The construction of the Islamic State is based upon 'natural laws' written down about 800AD in Saudi Arabia.
There are no natural rights in the enforcing law. There are only rights granted by your peers because all law is enforced by people. You can appeal to higher aspirations, but if the people around you have changed their mind you don't get it. Now you can pretend that you do, or you can accept reality. Or you can try and implement some authoritarian system.
"Also, I'm not 100% down with democracy, it's a bit tyranny of the majority, if I could get a Kritarchy to work I'd be fairly happy, possibly this is why I'm less worried about EU since a judge can strike down the Commission's nonsense while in the UK they can only declare Westminster's action to be incompatible with X."

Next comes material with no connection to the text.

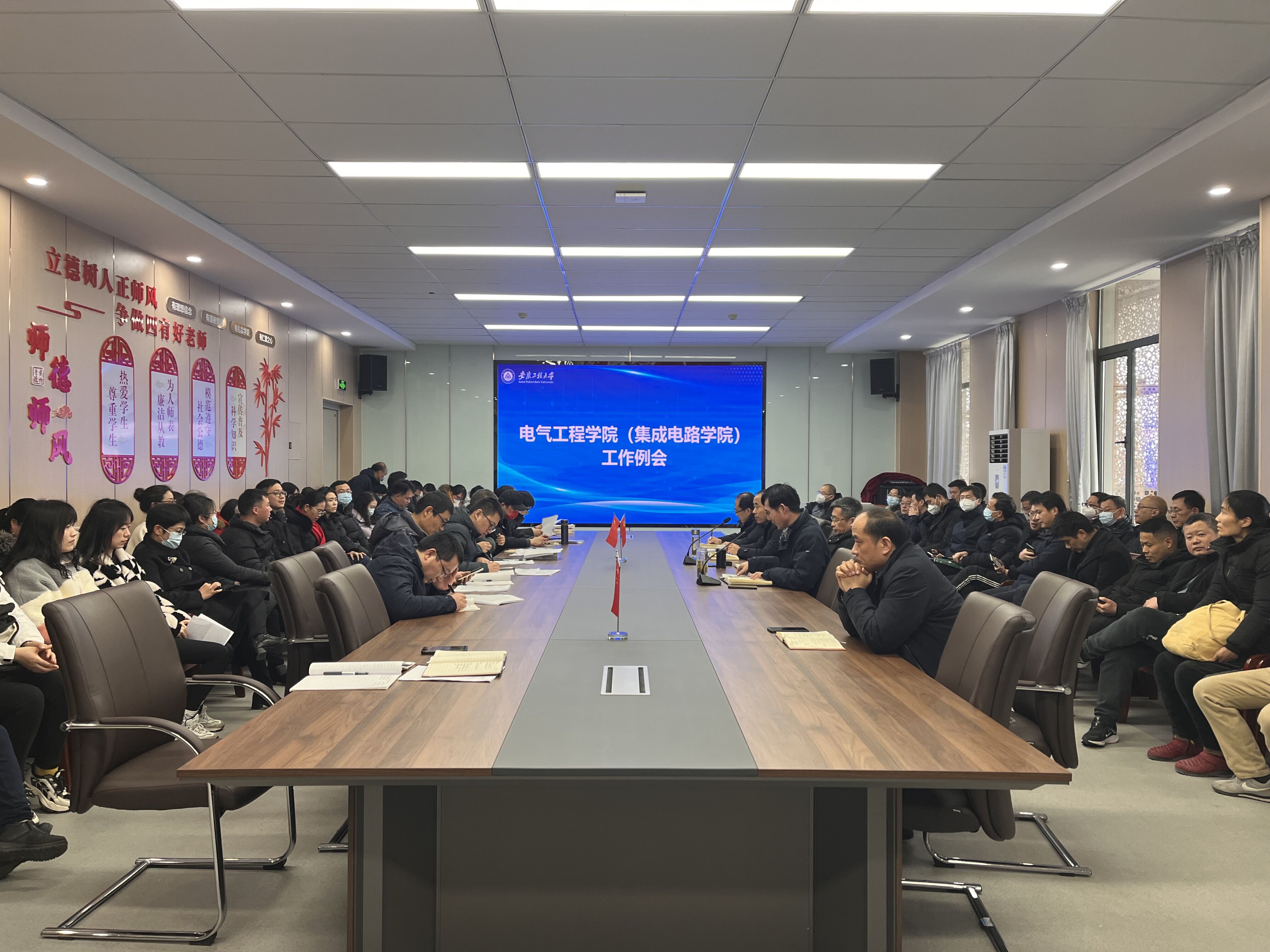 会议伊始,杨会成代表公司领导班子对全体教职工致以新年问候,对全院教职工一年来的辛勤付出表示衷心感谢。杨会成带领大家集中学习了习近平总书记在学习贯彻党的二十大精神研讨班开班式上发表的重要讲话,并就公司“三抓”工作、“三全六专”育人实践、新学期师生返校开学准备、毕业生就业等方面工作作了部署。他指出,“三抓”工作是贯彻落实新时代党的建设总要求和新时代党的组织路线的有效路径,是公司以高质量党建引领高质量发展的有力推手,全体教职工要聚焦“三抓”,凝心聚力,再推公司高质量发展迈上新台阶;“三全六专”育人实践是落实立德树人根本任务的现实路径,要结合公司“三全育人”综合改革试点工作实际,把“三全六专”育人实践落实落细,融入日常,助力老员工成长成才。经理江明介绍了2022年公司发展关键指标完成及年度考核情况,部署了2023年及本学期公司重点工作,并就进一步加强人才培养、学风建设、专业建设和团队建设提出了明确要求。他强调,要认真落实好公司开学后考试及教学相关工作;全面落实个性化人才培养方案,做好培养方案修订工作;加强国家自然科学基金申报工作指导和实验室安全检查工作。

And why should they do that? What's in it for them? Do you really think that judges are selfless philosopher-kings who are prepared to suffer for the causes that you like?

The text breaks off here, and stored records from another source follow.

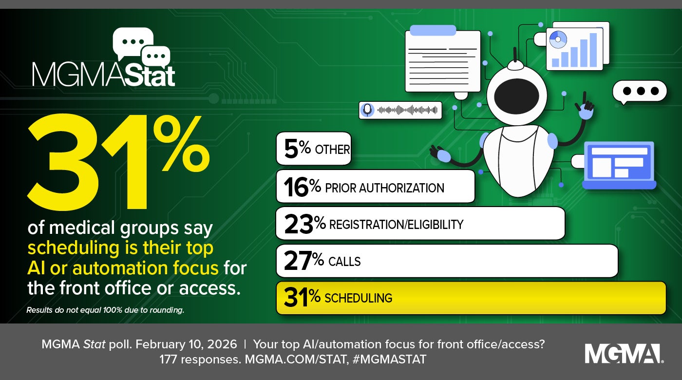 Our Feb. 10, 2026, MGMA Stat poll gives a sense where your peers in other practices are circling back to AI and automation to improve access with cost-effective strategies. Atop the list was scheduling (31%), followed by calls (27%), registration/eligibility (23%), prior authorization (16%), and “other” (5%). The poll had 177 applicable responses. [Editor's note: The figures do not total 100% due to rounding.]
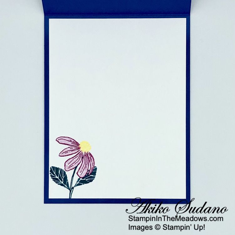 For the inside of the card, I stamped the detailed side view flower from the Stampin’ Up! Cheerful Daisies stamp set in Berry Burst ink and stamped the filler stamp in twice stamped off Berry Burst ink on the bottom of a Basic White panel. I stamped the small flower center in Lemon Lolly ink and covered the flower with a mask before stamping the leaves and stem in Pretty Peacock ink. I adhered the panel to the inside of the card with Stampin’ Seal.
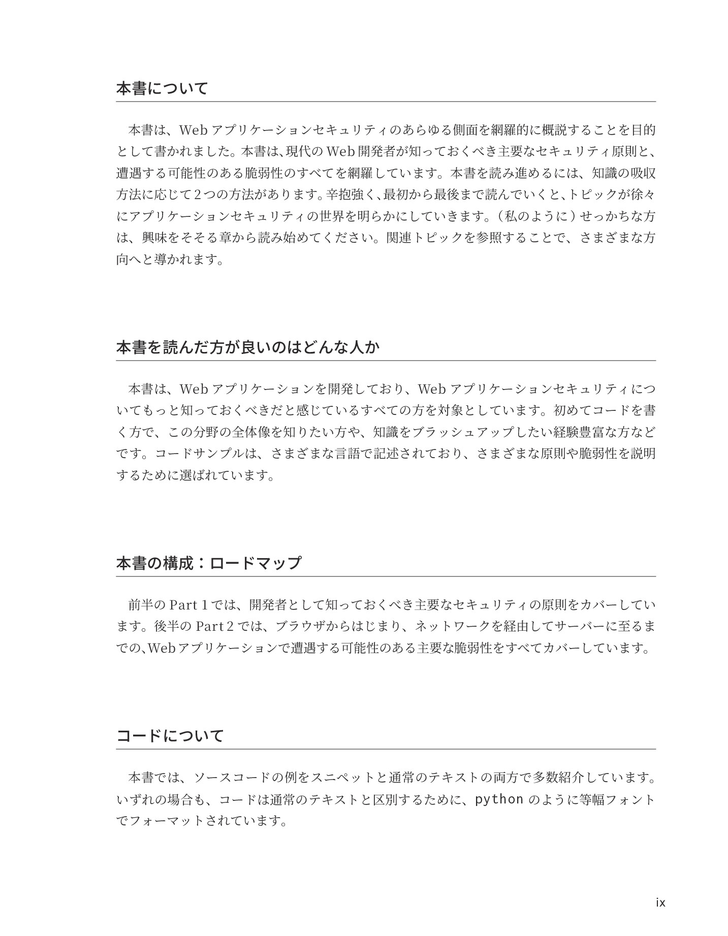 以下はPDF版の先頭ページなどから、一部を抜粋して縮小した画像です。 (※EPUB版を提供している書籍の場合、基本的に内容は同じですが、見映えは異なります。 またお使いのEPUBリーダによっても見え方は大きく異なることがあります。)

Attempts to enforce something where the majority of people vehemently oppose it nearly always leads to an utter mess.
For me if one disagrees with the corrupt outcomes of democratic decisions the important thing is to change the corrupt culture, perhaps change the voting system, not to put aside democracy.

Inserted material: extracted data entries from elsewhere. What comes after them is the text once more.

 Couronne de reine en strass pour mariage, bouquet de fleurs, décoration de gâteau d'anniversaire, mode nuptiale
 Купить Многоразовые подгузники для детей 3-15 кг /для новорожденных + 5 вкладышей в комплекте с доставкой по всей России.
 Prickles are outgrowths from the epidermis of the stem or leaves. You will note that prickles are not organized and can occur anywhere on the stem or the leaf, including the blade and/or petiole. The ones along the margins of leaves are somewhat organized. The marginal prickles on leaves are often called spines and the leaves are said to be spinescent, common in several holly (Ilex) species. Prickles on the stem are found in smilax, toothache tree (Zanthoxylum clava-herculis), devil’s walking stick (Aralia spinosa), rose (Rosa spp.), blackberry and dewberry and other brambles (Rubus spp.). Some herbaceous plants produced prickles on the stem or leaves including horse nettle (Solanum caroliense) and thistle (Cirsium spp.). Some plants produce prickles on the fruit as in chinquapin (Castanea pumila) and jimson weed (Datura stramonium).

The even weaker oversight on the higher law means that they can corrupt it to their will even easier by appealing to it.
The appeal to EU law, and the constant push of the ECJ to widen provisions and weaken restrictions will not lead to the Utopia you think it does.
I really don't like where this will end up. Not much difference between it and Sharia really.
SK. Yes-ish.
The responsibilities rather than rights things is related to the positive and negative freedom thing. If everyone is taught to think about responsibilities as opposed to rights it produces a better society. (As a child of the 60's my Grammar School majored on responsibilities. There were no 'rights' in my school. You just had to take your responsibilities very seriously. Mind you, I was a bloody awful student seeing as how I have always had very little respect for 'authority', as, in my experience, most of whom are in 'authority are, well, wankers.)
The EU is a corrupt corporatist cronyist nightmare. The Scots produced Adam Smith who was pretty good at pointing out the perils of that. The EU is a regression to the 16th and 17th centuries when we were ruled by extractive 'elites' with usually a single figure (a King say). What the EU bureaucrats have worked out is a way to dispense with the figurehead.
FWIW I an entirely content to have a UK Parliament lead by a Scotsman (not Gordon Brown or A Blair - obviously - but them's the exception that proves the rule). I actually think that the UK is an extraordinarily successful alliance. It is 'exceptional'. And the combined talents of us and you and the Welsh and the Irish have left an astonishing legacy of global liberty. I am not saying that the journey to that was all good - Cecil Rhodes would not be acceptable today - but the general outcome has on average been a success. But as Osgood Fielding III says 'Nobody's perfect'.
R: "You get endless debates about what words mean, whole academic texts about interpretation etc…"
Back in the 1980s, I lived in Germany and there was a big debate about what a certain phrase in the post-WW2 German Constitution meant. All the lawyers and journalists and experts piled in with their over-complicated nonsense.
It struck me that as their Consitution was written 'under Allied supervision' (i.e. dictated to them at gunpoint) by a few younger (i.e. not obviously top Nazi) German chaps in the late 1940s, there would have been enough of them still alive to simply ask them what that phrase meant.
But they didn't do this and the debate rages to this day.
As to the "opening of Parliament" ritual, they can shove it. It's embarrassing.
MW. Opening of Parliament ritual. We all live by various rituals. I do think that many of the UK Parliament ones are more like Two Ronnies comedy turn, but maybe they are all the better for that. And after all they are pretty harmless.